Expect to see a widening gulf in the Eurozone

STERLING plunged against the euro yesterday as worse-than-expected UK deficit figures exacerbated what was already a strong rally from the single currency. Coupled with solid demand at Spanish, Greek and Irish government bond auctions, this was enough to send sterling-euro down to a three-month low, with the euro also gaining a cent against the dollar.

But do these moves herald the start of a comeback for the troubled euro? Both analysts and traders are divided. Stephen Hughes of forex broker Currencies.co.uk says that yesterday saw as much sterling-euro trading as during the entire previous week, with many piling in to sell euros. But others are taking it as a sign that there will be better euro-selling levels to come: “For those who need to change euros into dollars it’s a good opportunity,” says Hughes. “The question is how long that window is open for given the vast number of different economic releases in the Eurozone.”

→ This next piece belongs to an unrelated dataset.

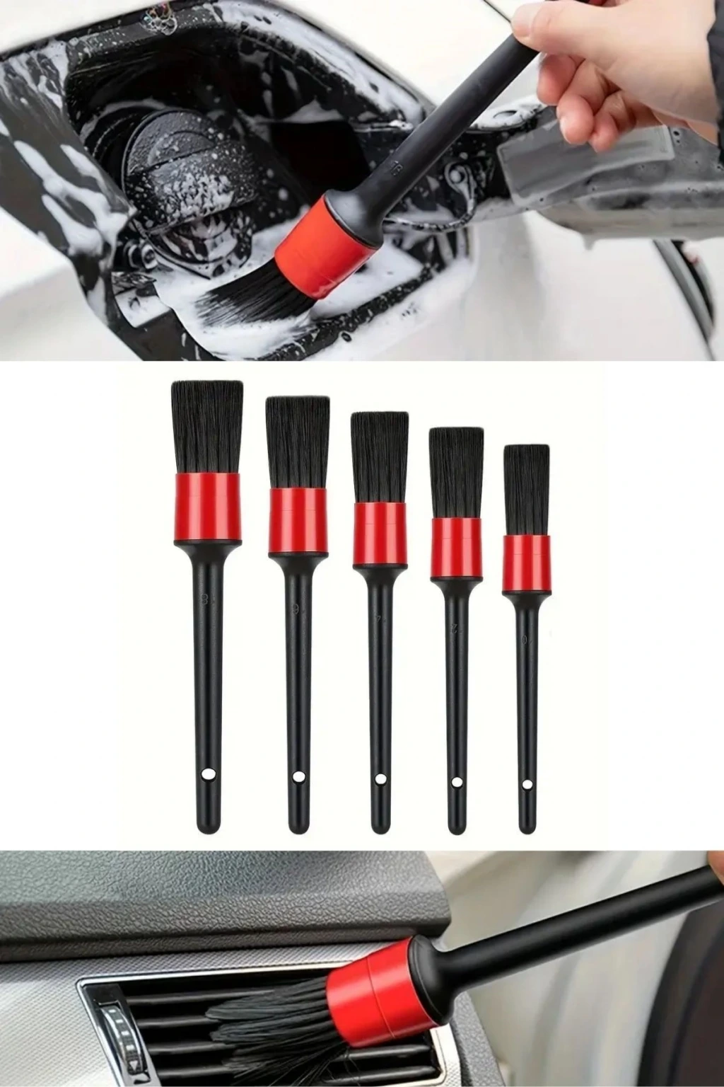 Yumuşak ama dayanıklı kılları, yüzeyleri çizmeyecek şekilde tasarlanmıştır. Gösterge paneli, havalandırma ızgaraları, jantlar, kapı içleri, amblemler ve motor bölmesi gibi detaylı temizlik gerektiren her noktada güvenle kullanabilirsiniz.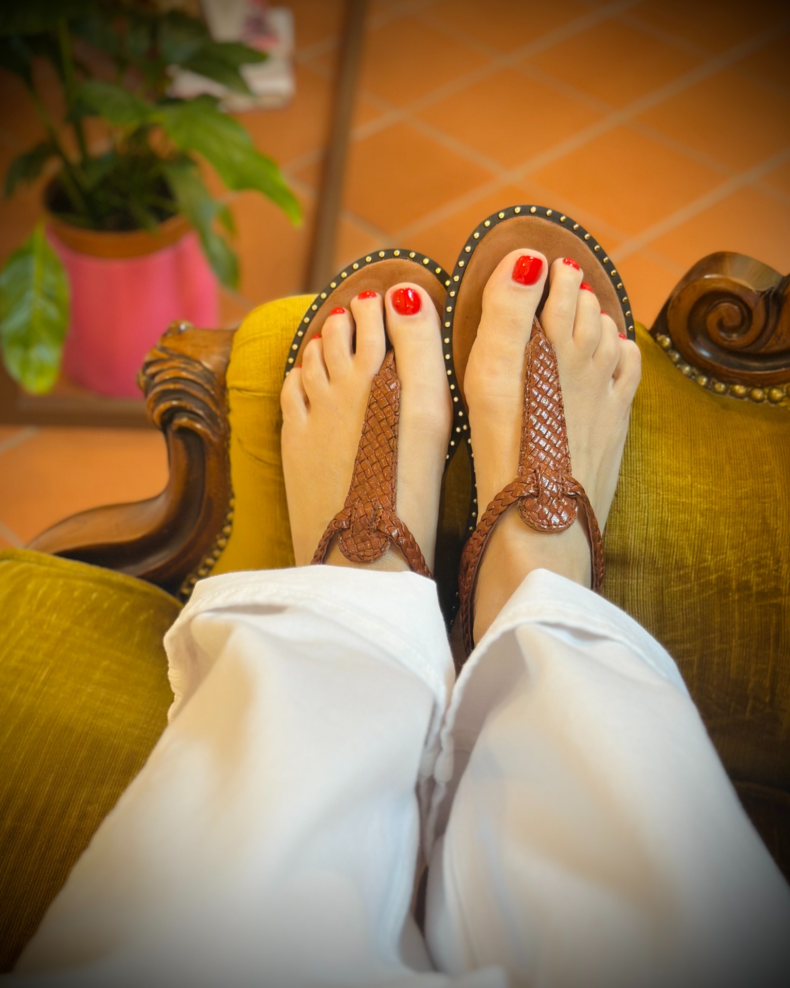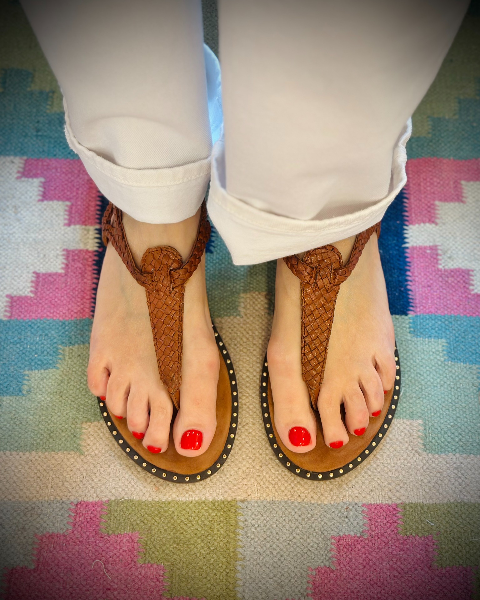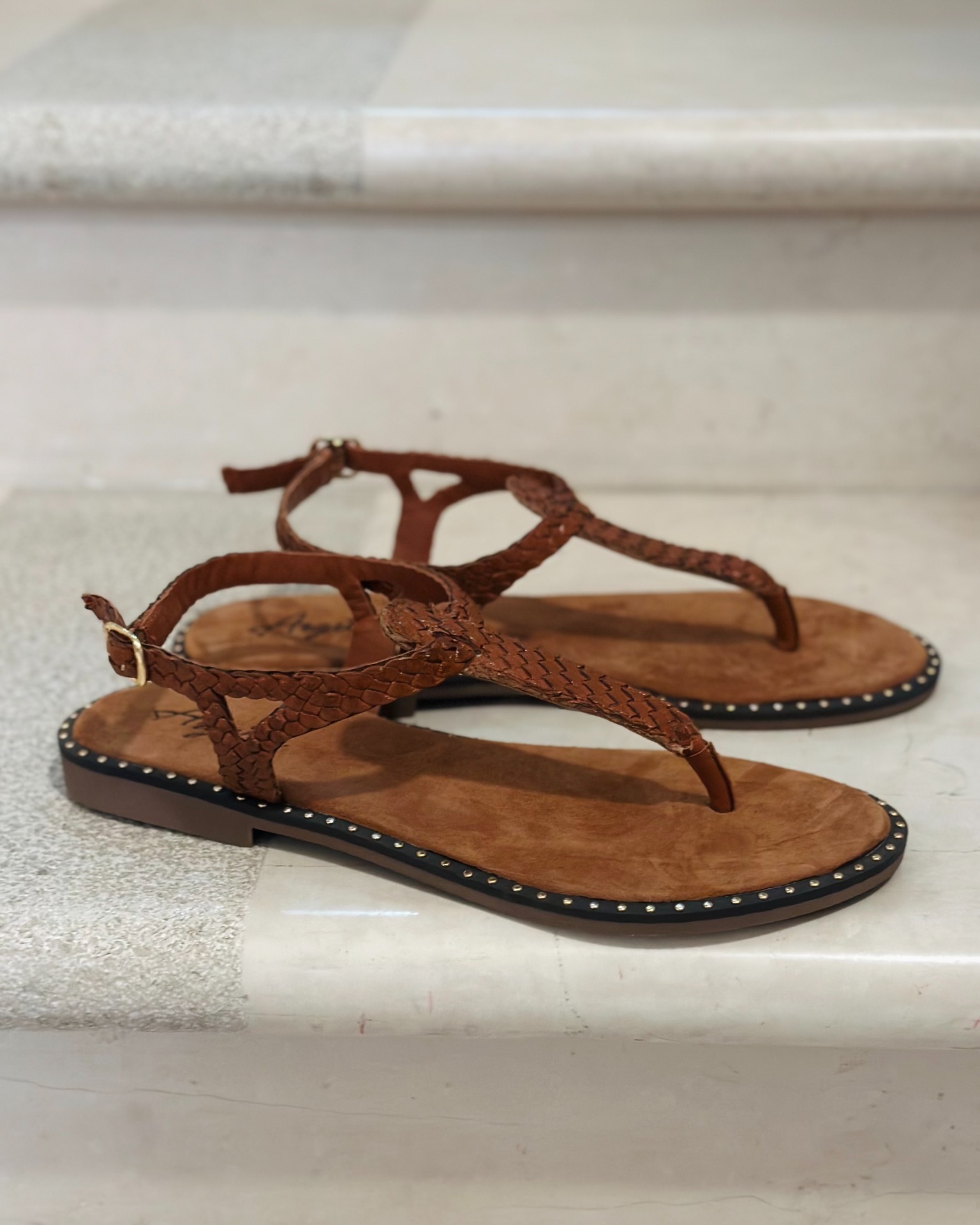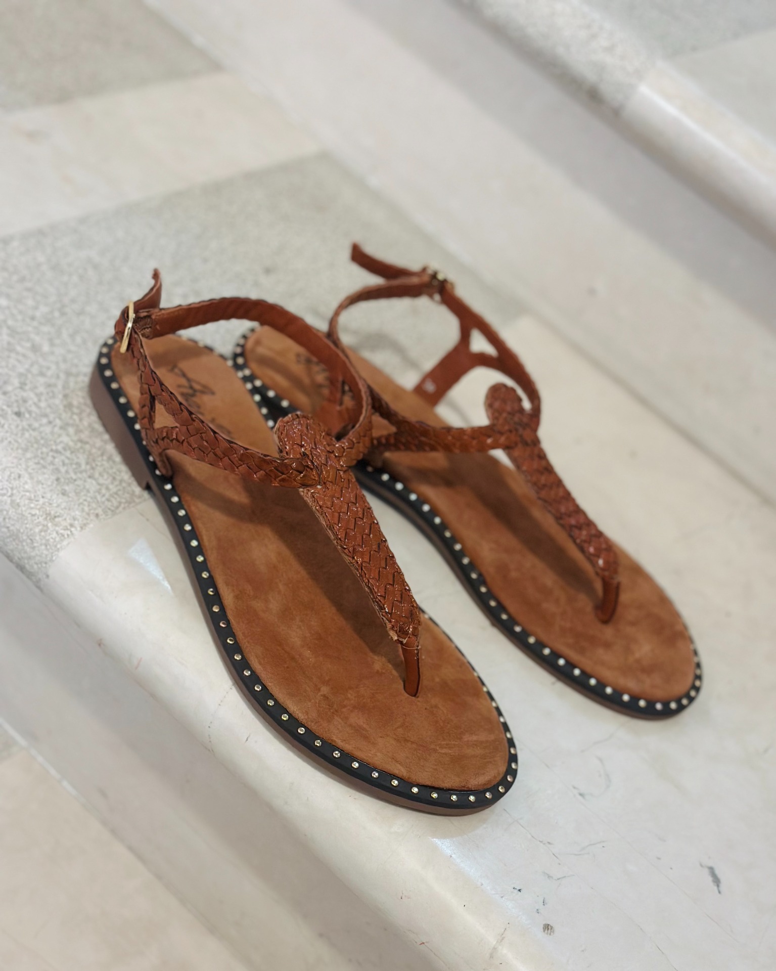 Infradito con intrecci in pelle color caramello, piccoli dettagli dorati sulla pianta lo rendono grintoso.

With markets so sensitive and quantitative easing (QE) back on the agenda, traders should keep an eye on major data releases – not least the Bank of England’s minutes this morning – to take advantage of movements. Investec’s Lee McDarby says: “This is an opportunity to see what the UK is thinking about QE and that will really throw sterling around a little bit.”

But despite the Eurozone’s seeming resilience, there is still strong scepticism about the health of its periphery: Ireland had to promise an average yield of 4.77 per cent on four-year bonds, sharply up from last month’s average four-year note yield of 3.63 per cent.

Moreover, many suspect the European Central Bank of propping up demand by buying bonds – as it has done in the past (see chart). Lombard Street Research’s Stefano Di Domizio commented: “The auction is nothing to get excited about.”

So in spite of this rally, there are still persistent worries about the future of the single currency. Even if fears over sovereign debt can be allayed smoothly, there is still the potential problem of a widening gap in economic growth between the core and periphery of the Eurozone: while Germany and France recorded second quarter 2010 GDP growth of 2.2 per cent and 0.6 per cent respectively, Spain grew just 0.2 per cent and Greece shrank 1.5 per cent over the same period. Di Domizio says: “Eventually you will have the peripheral countries deflating with high, positive real interest rates, whereas the core countries whose economies are doing relatively better will have negative interest rates – effectively the opposite of what should happen. In a situation like that there is no exogenous adjustment that can repair things.”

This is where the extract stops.